Otto and Ram are ready to get Subaru the out of the Sanctuary, but he’s not ready to run quite yet. He meets with Roswaal for some straight answers, and actually gets them, though who knows he can trust the guy. Roswall assures Subie that Beatrice is not a witch cultist, and that the “gospel” she spoke of is the Gospel: one of only two Tomes of Wisdom in existence, not a Witch’s Gospel.

When asked how he can get Beako to help him, Ros says the same thing Ram told him earlier: “Roswaal said to ask the question”, and once that question is asked, answer in the affirmative. Bound by a contract, she will then ally with him. Subie’s last question is whether Roswall is really an ally, to which he says he’s an ally to “all of you”. Hmm…we’ll see!

While Subaru no doubt gained crucial information with which to move forward, he also tanked any chances of this loop being salvaged. That’s because he took so much time with Roswaal that Garfiel tracks them down and orders Subie back into confinement.

When he refuses, Otto and Ram cover his escape on Patrasche, and the townsfolk of Arlam light the path out with lanterns. Alas, Garfiel makes a full beast transformation into a half-Tiger, half-Behemoth, and kills Otto and several villagers. Patrasche finally grabs Subie and throws him at the barrier and the blue crystal glows…

Subaru wakes up in the dungeon, but the door is unlocked. He finds that snow has fallen, so my first through was something happened with Puck. But no one is around, and I mean no one: no Garfiel, Ram, Roswaal, Emilia, or villagers to be found. It’s like everyone suddenly up and left.

So Subaru leaves too, out into the snow without a coat or anything to defend himself. The landscape is so serene, you just knew something horrible was about to befall our young protagonist…I just didn’t know just how horrible it would be. Getting slowly torn apart and devoured by thousands of white demon rabbits? Pretty bad!

Cue that iconic choral stab that indicates Return by Death, and Subaru is right back in the ruin beside Emilia, who notably doesn’t seem to be having as fitful a sleep as we’ve seen in other returns. Frustrated, Subaru smacks his forehead against the stone floor until it bleeds, and Echidna’s voice declares he’s once again “earned the qualification” to join her tea party in Bliss.

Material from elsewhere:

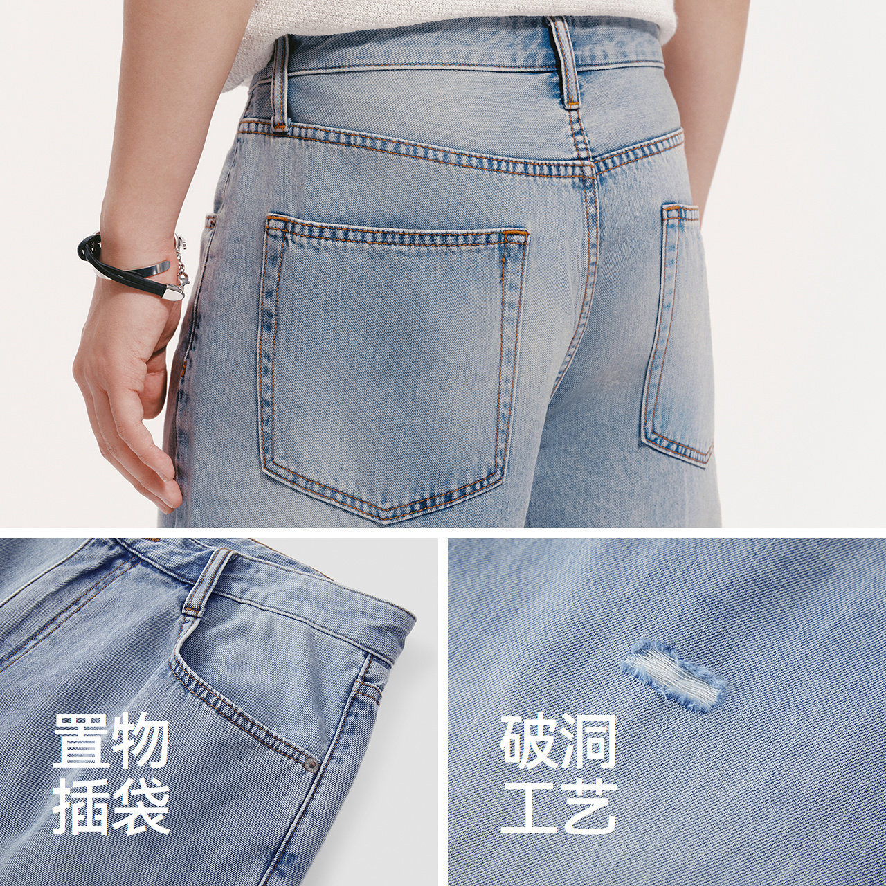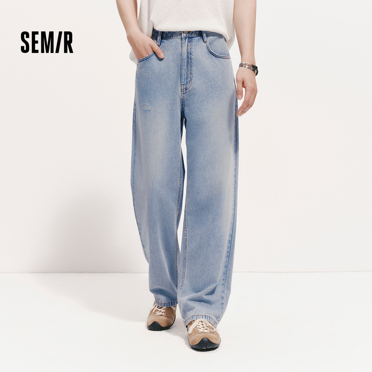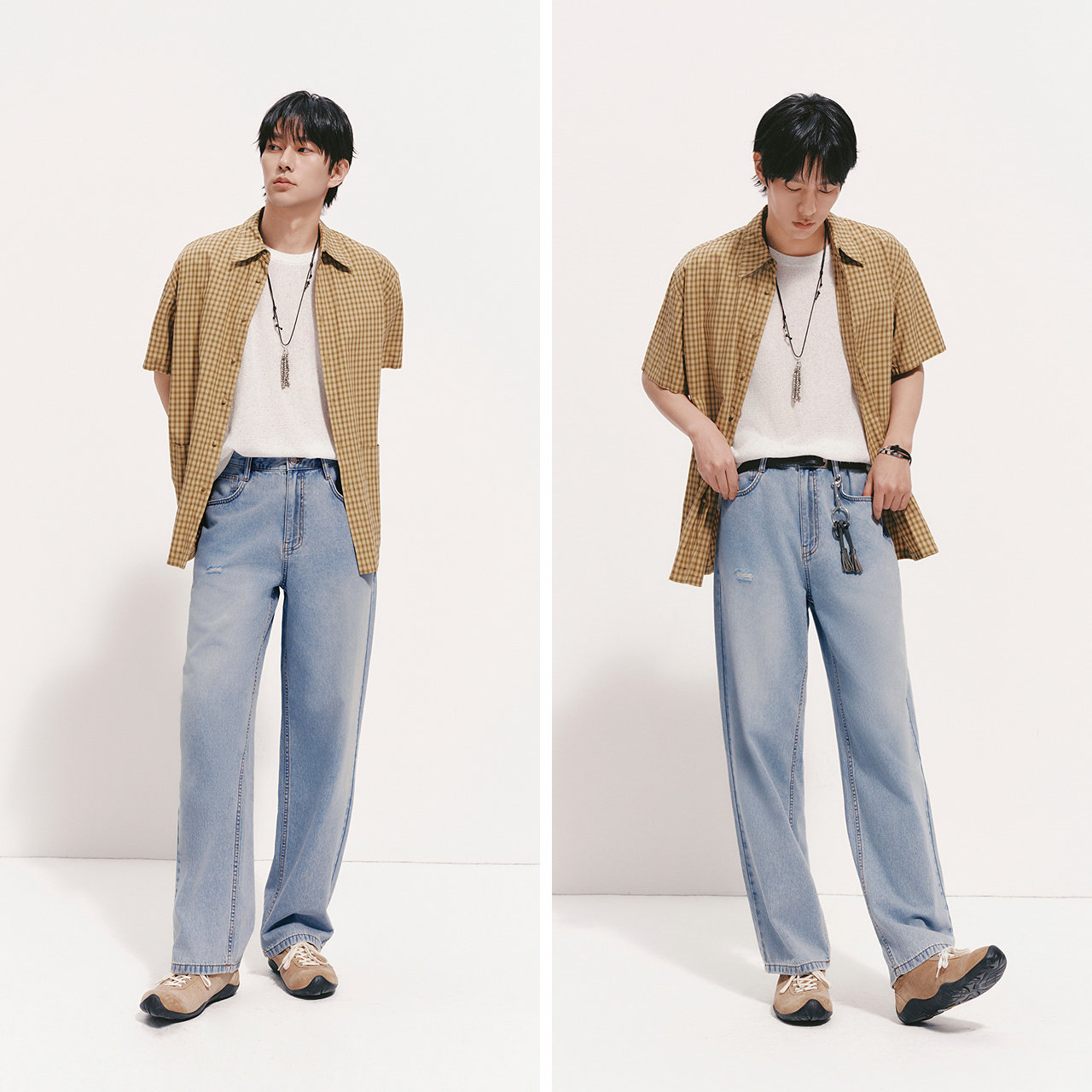 森马牛仔裤 复古水洗长裤 男夏季 2026新款 破洞凉感宽松直筒裤 森柔

Thanks to the Sloth Witch Factor-affecting tea he drank last time, Subaru is once again able to keep his shit together in Echidna’s presence. Subaru makes an appeal to Echidna: next time he leaves this place, he doesn’t want to forget her. He draws so close and is so emphatic, Echidna can’t help but betray her bashful side, and is inclined to acquiesce to his request.

That’s when it dawns on Subaru: this tea party must be happening right after her last one. That she doesn’t consider this strange in the slightest means she knows why and how he’s back a second time. When she asks him to clearly state what that “how” is, he’s understandably weary, considering what’s happened to him every time he’s tried to explain it to others.

But this time, in this place, and to Echidna, Witch of Greed, he’s able to literally shout it from the hilltops: he’s been returning by death. Shocked beyond reason that he was able to finally say it out loud, he repeats it again and again, still waiting for the claw-like hand to clutch his heart and squeeze—but it doesn’t happen. At long last, Subaru is able to tell someone what’s really happening to him.

This is because the Witch of Greed wants to know everything in this world. But while she’s known about Return by Death and has been watching him this whole time, there’s yet more she wants to learn from him, like how he felt while going through all the trials he’s endured and burdens he’s carried. Well, she may want to get comfortable and brew more tea—with or without “fluids”—this could take a while!